I say “next year” – I’m actually going to start a lot of this come April 13th.  But while my methods might seem long-winded and slightly diffuse, my aim is simple: I want kids to feel empowered and confident in my lessons. To enjoy French because of that, not because of a fun activity I might spend 4 hours and £14 devising on a weekend.  And, crucially, empowering them is not about removing deep thought or hard work – I suspect that they will find it really challenging – but rather about allowing them to spend their time committing to memory the things that I, as the teacher and the expert in the room, can tell them right first time.

Version 2.0 – The Dilemma

Disclaimer: I am aware that, as an NQT, I know very little indeed about teaching.  My experience and knowledge are limited.  By writing this blog, I hope to critically engage with the theory and techniques that have been passed on to me, and based on which I have been judged.  All constructive criticism is welcome!
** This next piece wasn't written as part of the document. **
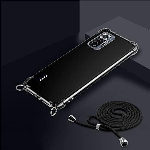 SAMCASE Cover con Cordino per Xiaomi Redmi Note 10 PRO, Custodia a Trasparente Morbido Silicone Necklace Regolabile Staccabile Shock Absorption Antiscivolo Protettiva Case in Nero

In my 18 months of teaching, I have been very lucky.  I have worked with many wonderful children, and in two schools full of extraordinary, dedicated and hard-working teachers.  I have seen some exceptional teaching, and have had the great fortune to learn from some wonderful practitioners.

When I started my NQT year, I found it easy to repeat the patterns of my training year.  I started with some momentum, which I maintained and then lost towards Christmas.  I had a paper problem: too much of it, and not much of it any good (sorry, MFL budget. Sorry, trees).  I spent quite a lot of my time thinking of the most ‘engaging’ way to teach the kids about colours, or animals.  It involved a lot of time, energy, powerpoints, pictures, downloading and adapting from TES… and, of course, paper.

A few months ago, I began to feel uneasy.  I was teaching the way I had been taught to teach, and my kids were doing… okay.  Not terribly, not wonderfully – about as well as could be expected when taught by a slightly stressed, very self-critical NQT.  Doubtless with a few more years’ experience, I would be able to turn that ‘okay’ progress into ‘good’ progress, or even ‘great’ progress.  Everything would surely be fine.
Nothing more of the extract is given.